Well, FWIW, I live one town over from you, and I'm still finding it hard to get service nearby. In fact, I drove past your house just today. Maybe I'm just striking out where I'm looking based on my individual situation, but the larger point is it can be hit-or-miss.


----------



## Jyoung538 (7 mo ago)

Welp, I live in Ohio, have never seen anyone using a reel, and have spent months trying to find local dealers/servicers with no luck. I have been close to pulling the trigger on a 180c or 180e from URM.com but am worried about having a $2k mower I neglect to use because I can't find maintenance. For reference I have 2200sqft of PRG/KBG broken into four sections so smaller seems better. I have considered every popular option and wonder if allett and swardman might be a good middle ground but durability and especially price vs used JD seem like the cons… analysis paralysis…


----------



## atticus (Dec 30, 2021)

@Reelrollers just launched a new feature on their site called grinder finder. It's designed to connect folks with reel services in their area. It's pretty new so it's by no means comprehensive, but it's growing fast and I can see it turning into a valuable resource in the coming seasons.
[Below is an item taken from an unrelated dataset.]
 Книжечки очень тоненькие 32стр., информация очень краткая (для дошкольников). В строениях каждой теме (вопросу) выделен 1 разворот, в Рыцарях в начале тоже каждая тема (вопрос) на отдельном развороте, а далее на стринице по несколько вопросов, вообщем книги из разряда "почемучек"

https://reelrollers.com/grinder-finder/


----------



## FATC1TY (Jul 12, 2017)

Phids said:


> FATC1TY said:
> 
> 
> > Regional assistance is a real thing I suspect. If you live in the warmer southern climates or better yet, places with a golf centric area, reel mowers sell well, for good prices and plenty of service options.
> ...


If you've still got the JD, shoot me a message and I'll pass along some info for a guy at the golf course who will work on them. They favor Toro but recently had to buy a ride on JD greensmower, so they will probably work on them as well.

But yes, for major fixes and such, it takes some luck, or the right person, and in many cases homeowners are generally overlooked or not allowed to use certain services.


----------



## Phids (Sep 24, 2020)

FATC1TY said:


> If you've still got the JD, shoot me a message and I'll pass along some info for a guy at the golf course who will work on them. They favor Toro but recently had to buy a ride on JD greensmower, so they will probably work on them as well.
> 
> But yes, for major fixes and such, it takes some luck, or the right person, and in many cases homeowners are generally overlooked or not allowed to use certain services.
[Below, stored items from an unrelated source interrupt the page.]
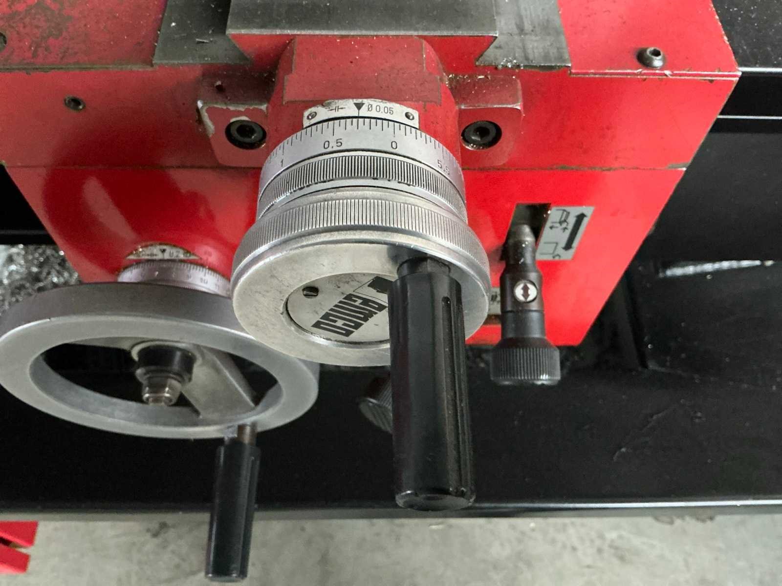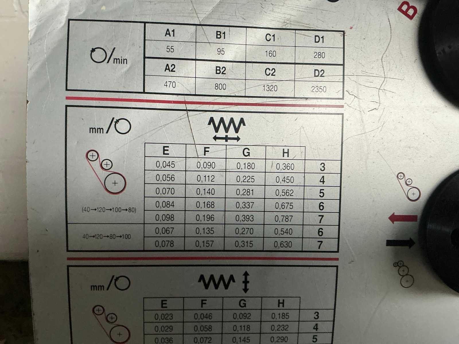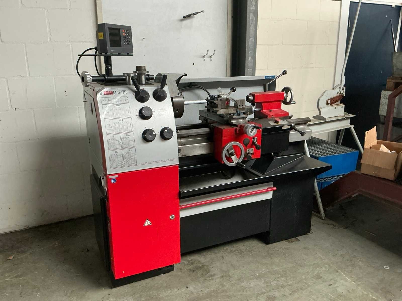 Heidehain digitale uitlezing; met 3-klauwplaat Merk: Emco Type: MAT-17S Bouwjaar: 1999 Serienummer: D3A M6 002 Draailengte: 700mm Holle spil Ø: 40mm Aantal snelheden: 8 Snelheid van n =: 55rpm Snelheid tot n =: 2350rpm Aansluiting: 400V Afmeting l: 1650mm Afmeting b: 900mm Afmeting h: 1650mm
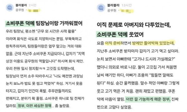 블라인드에 게재된 ‘소비쿠폰’ 후기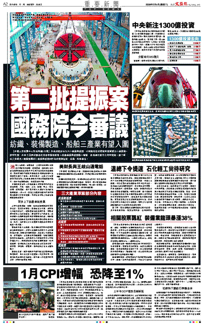 中國政府於去年11月底迅速大手筆宣佈即將推出包括鋼鐵、汽車、船舶、石化、紡織、輕工、有色金屬、裝備製造、電子資訊等九大重點行業的產業振興規劃;1月14日,作為工業發展指標的汽車和鋼鐵業振興方案率先推動,即將出台的第二批產業振興規劃備受期待。

Thanks, I'll send you a PM.


----------



## enforcerman (Jul 8, 2019)

My country club's mechanic does all the work on my GM1000. Including replacing the engine when it blew.


----------



## cleohioturf (Jul 20, 2020)

Jyoung538 said:


> Welp, I live in Ohio, have never seen anyone using a reel, and have spent months trying to find local dealers/servicers with no luck. I have been close to pulling the trigger on a 180c or 180e from URM.com but am worried about having a $2k mower I neglect to use because I can't find maintenance. For reference I have 2200sqft of PRG/KBG broken into four sections so smaller seems better. I have considered every popular option and wonder if allett and swardman might be a good middle ground but durability and especially price vs used JD seem like the cons… analysis paralysis…
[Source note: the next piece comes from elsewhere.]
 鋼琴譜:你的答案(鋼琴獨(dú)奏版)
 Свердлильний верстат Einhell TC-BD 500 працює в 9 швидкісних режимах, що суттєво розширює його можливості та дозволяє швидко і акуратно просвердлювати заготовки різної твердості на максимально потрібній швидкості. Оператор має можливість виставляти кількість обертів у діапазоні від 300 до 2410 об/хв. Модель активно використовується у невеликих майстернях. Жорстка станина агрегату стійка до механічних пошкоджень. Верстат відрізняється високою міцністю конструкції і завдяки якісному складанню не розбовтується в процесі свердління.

Where in ohio? Im northeast ohio, east side of town. I use a GM1000

They aren't always for sale, but they are around. Lots of golf courses to snoop used equipment. However, I have noticed more and more, these are now on lease programs, so you no longer see stock being sold off locally.

Honestly that lawn size and broken up, a greens mower might be overkill just on maneuverability.


----------